## Source material
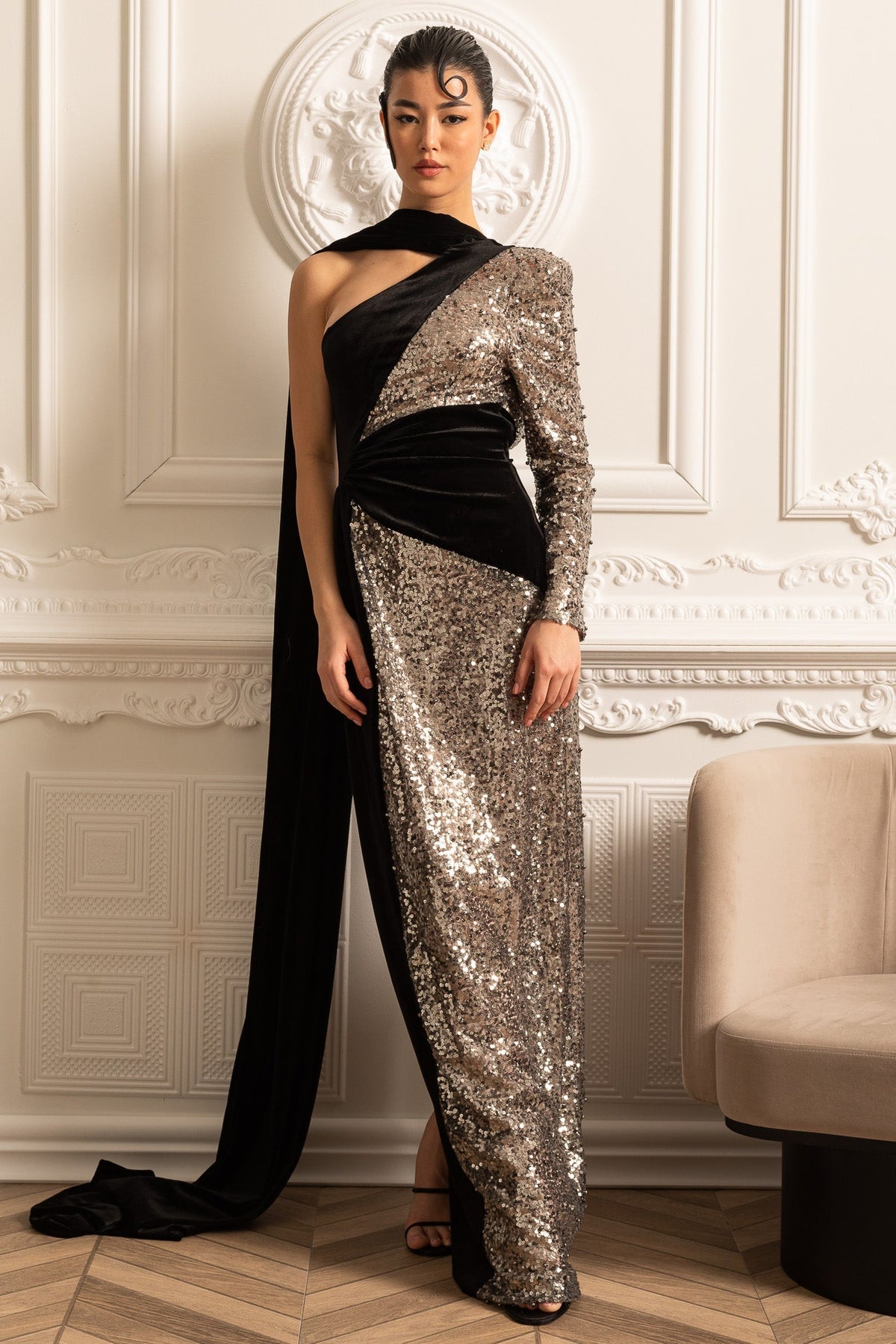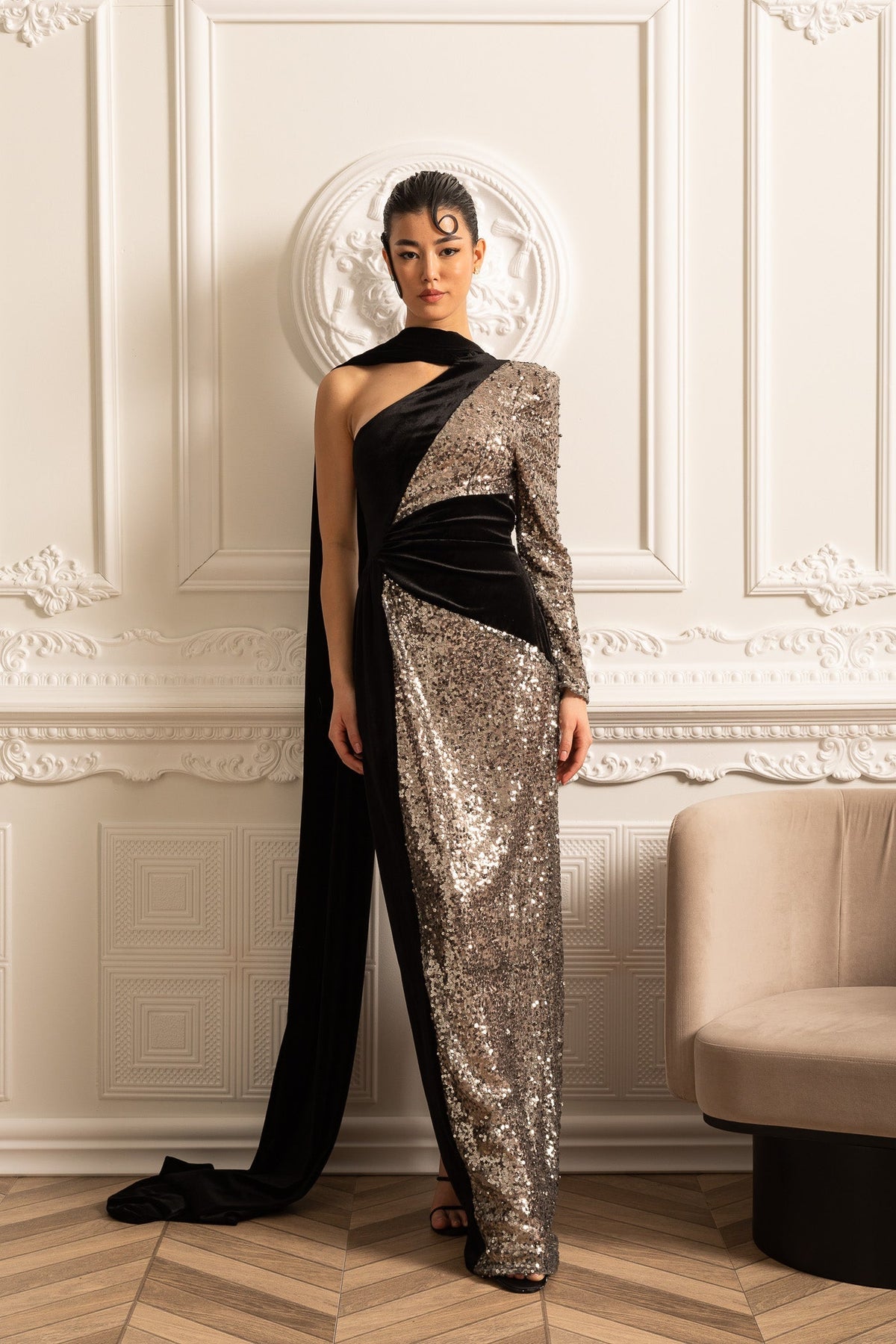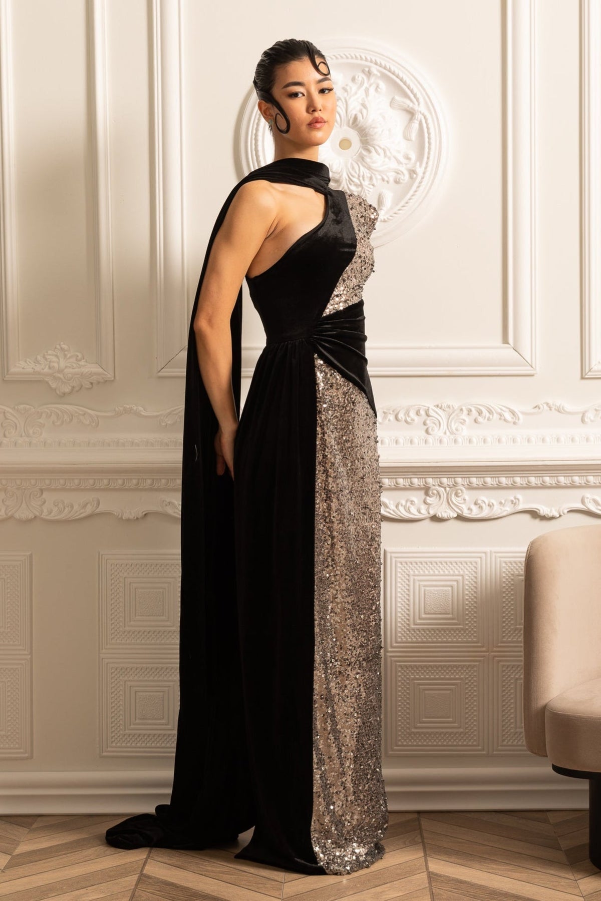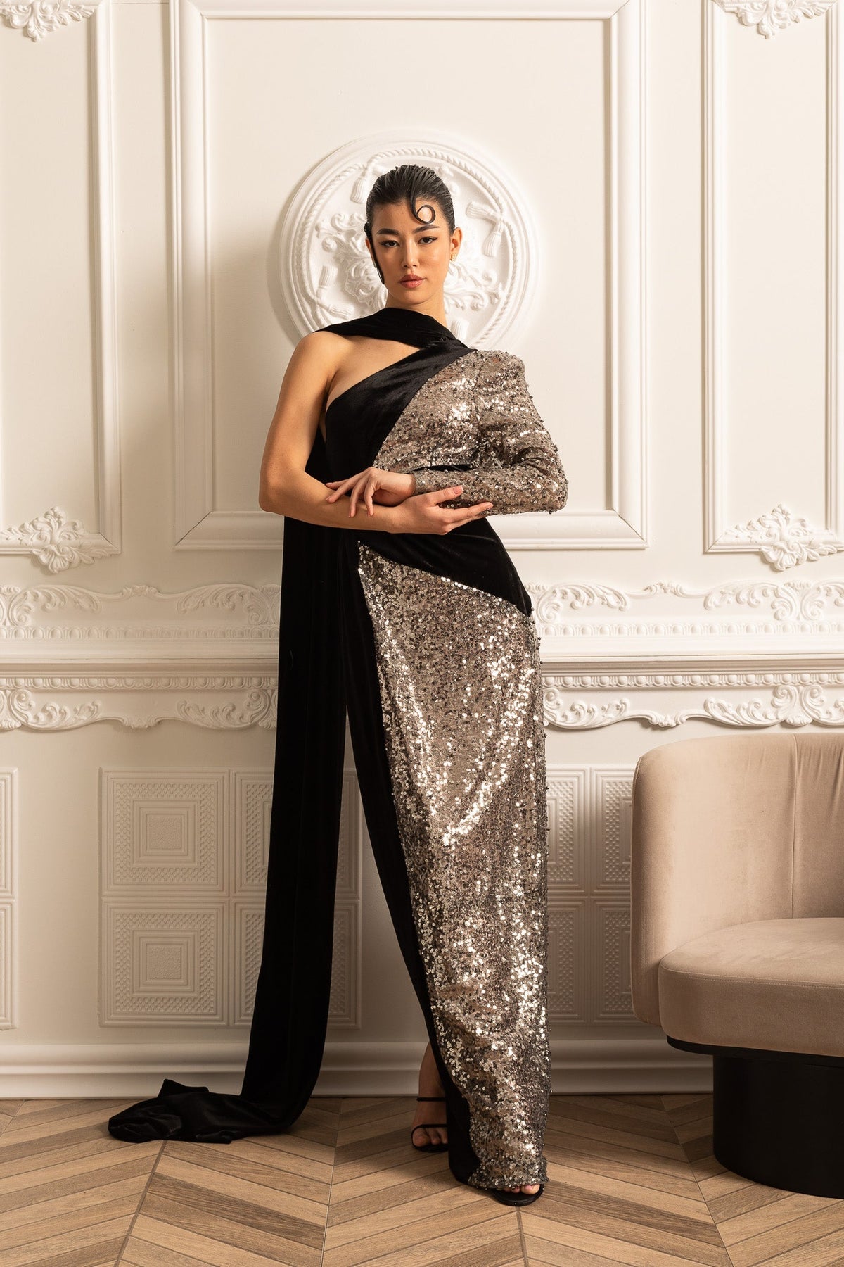 Kumaş Türü: Lüks siyah kadife kumaş, gümüş pul işlemeleri ve tüy detayları
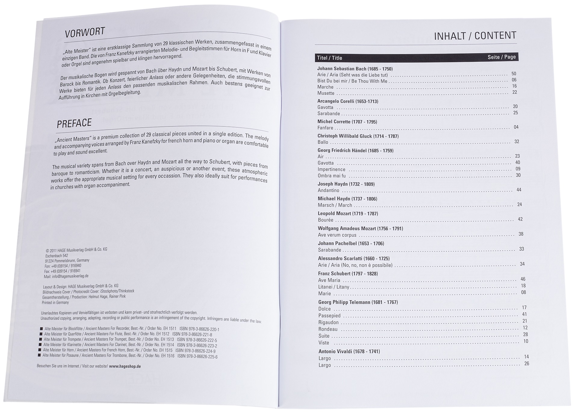 Noty pre lesný roh Ancient Masters obsahuje 29 známych skladieb klasickej hudby (obdobie baroka, klasicizmu a raného romantizmu) od takých hudobných velikánov, ako sú Bach, Haydn, Vivaldi, Mozart, Schubert a ďalší, v úprave pre sólový lesný roh so sprievodom pre klavír/organ. Zoznam skladateľov a skladieb: – Johann Sebastian Bach (1685 – 1750): Arie / Ária (Seht was die Liebe tut), Bist Du bei mir / Buď so mnou, Marche, Musette – Arcangelo Corelli (1653-1713): Gavota, Sarabanda – Michel Corrette (1707-1795)
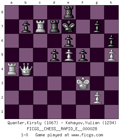 Last move : 1-0 2010 July 8 19:52:31 [Event "FICGS__CHESS__RAPID_E__000028"] [Site "FICGS"] [Date "2010.05.22"] [Round "1"] [White "Quanter,Kirsty"] [Black "Kehayov,Yulian"] [Result "1-0"] [WhiteElo "1067"] [BlackElo "1234"] 1.e4 d5 2.e5 e6 3.f4 f5 4.Bb5+ Bd7 5.Bxd7+ Qxd7 6.c3 Ne7 7.Nf3 Ng6 8.d4 Be7 9.h4 Nc6 10.a3 O-O-O 11.Nbd2 Nxf4 12.h5 Nd3+ 13.Kf1 Nxc1 14.Rxc1 h6 15.Nb3 a6 16.Qd3 Na7 17.Nbd2 Bg5 18.b4 Bxd2 19.Qxd2 Qb5+ 20.Kf2 Qc4 21.a4 a5 22.Nh4 axb4 23.cxb4 Qb3 24.a5 Qa4 25.Ng6 Rhe8 26.Ra1 Qb5 27.Rhc1 Qd7 28.Kf3 Nc6 29.b5 Ne7 30.a6 Nxg6 31.a7 Nxe5+ 32.dxe5 Qxb5 33.a8Q+ Kd7 34.Qa4 Qxa4 35.Rxa4 Ke7 36.Rxc7+ Rd7 37.Qb4+ 1-0 Scandinavian (centre counter) defense Queenside Castling by player Black (move 10) Promotion Queen by player White (move 33) Player White won this chess game. Follow this game move after move (download)Modern Chess is too much concerned with things like Pawn structure. Forget it, Checkmate ends the game. (Nigel Short) Wenn Schach ein enormer Dschungel ist, der seine Myriaden von Geheimnissen nicht preisgeben will, dann sind Computer die Kettensägen einer gewaltigen ökologisch unsensiblen Nutzholzfirma. (Nigel Short) Yo nunca en mi vida he jugado la Defensa Francesa, que viene siendo la más aburrida de todas las Aperturas. (Wilhelm Steinitz) Les Echecs représentent une sphère d'idées créatrices basée sur la volonté des deux protagonistes. (Smyslov) Hold em is to stud what chess is to checkers. (Johnny Moss)
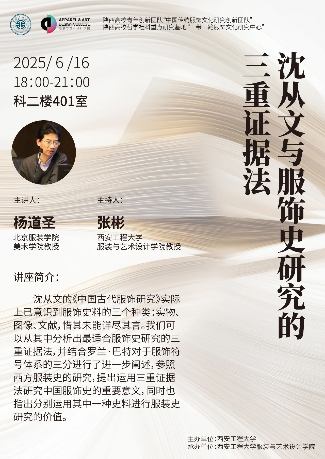 讲座简介:沈从文的《中国古代服饰研究》实际上已意识到服饰史料的三个种类:实物、图像、文献,惜其未能详尽其言。我们可以从其中分析出最适合服饰史研究的三重证据法,并结合罗兰·巴特对于服饰符号体系的三分进行了进一步阐述,参照西方服装史的研究,提出运用三重证据法研究中国服饰史的重要意义,同时也指出分别运用其中一种史料进行服装史研究的价值。
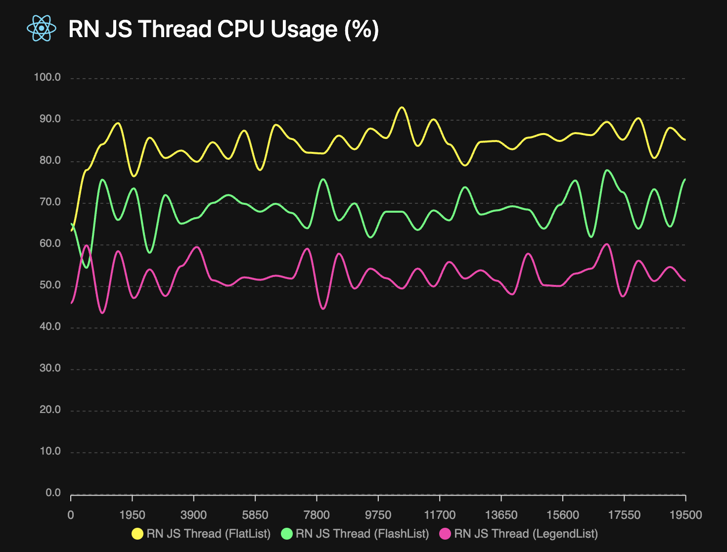 A FlashLight measurement of the above test shows that LegendList uses less CPU while scrolling. And it uses less memory too! See the FlashLight results for more details.
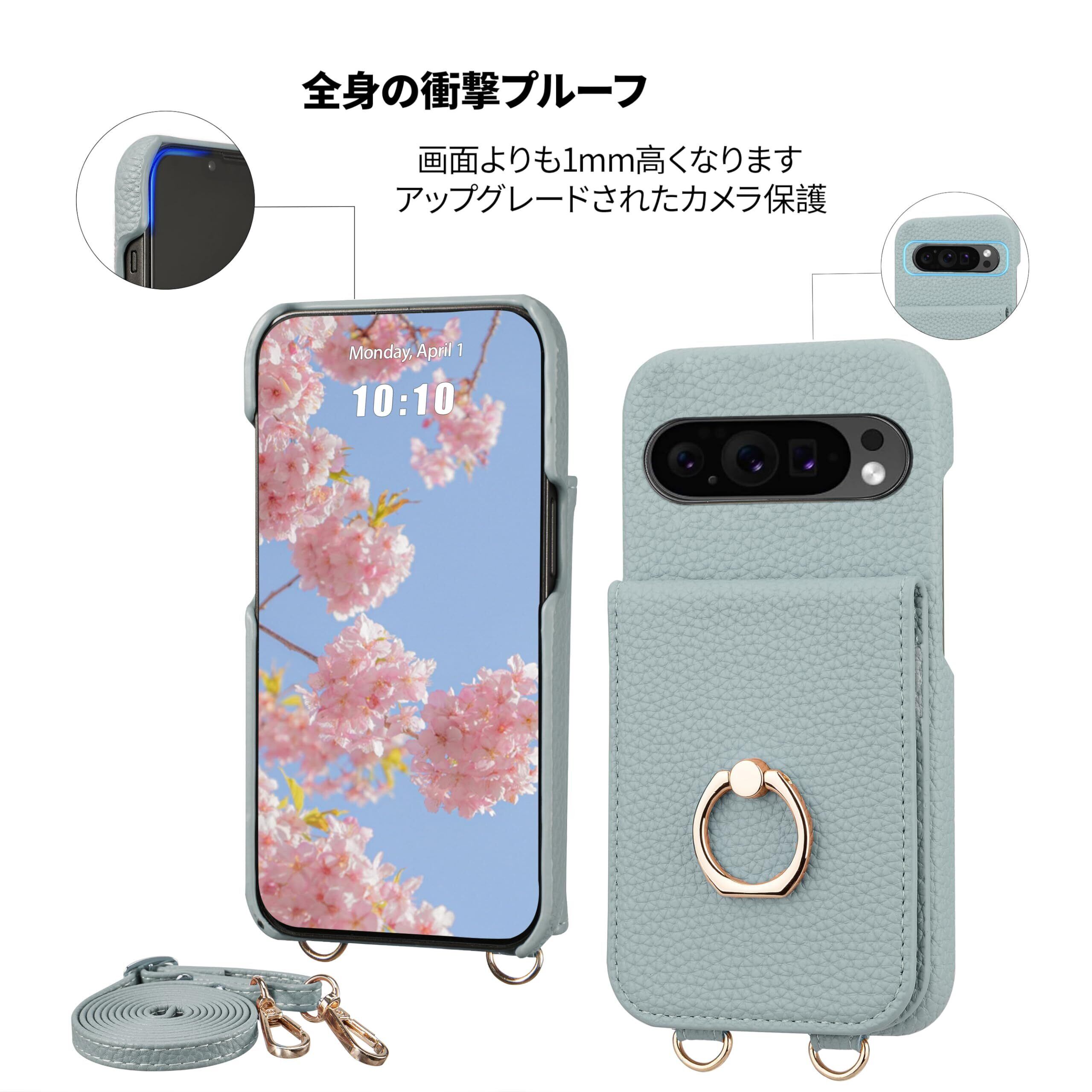 For Google Pixel 9/9 Pro ケース 手帳型 グーグルピクセル9 ケース ショルダー Google Pixel 9 カバー 手帳型 Googleピクセル9 Pro ケース 肩掛け 斜め掛け(長さ調整可能) 背面カード収納 化粧鏡付き スタンド機能(リング付き) Pixel9 ケース ミラー付き (オータムブルー)

## Problem to work on
Both the first line of the records above and the line containing "Noty pre lesný" belong in the copy; please return them and every line between, exactly, minus the pictures.

## Answer
 Kumaş Türü: Lüks siyah kadife kumaş, gümüş pul işlemeleri ve tüy detayları
 Noty pre lesný roh Ancient Masters obsahuje 29 známych skladieb klasickej hudby (obdobie baroka, klasicizmu a raného romantizmu) od takých hudobných velikánov, ako sú Bach, Haydn, Vivaldi, Mozart, Schubert a ďalší, v úprave pre sólový lesný roh so sprievodom pre klavír/organ. Zoznam skladateľov a skladieb: – Johann Sebastian Bach (1685 – 1750): Arie / Ária (Seht was die Liebe tut), Bist Du bei mir / Buď so mnou, Marche, Musette – Arcangelo Corelli (1653-1713): Gavota, Sarabanda – Michel Corrette (1707-1795)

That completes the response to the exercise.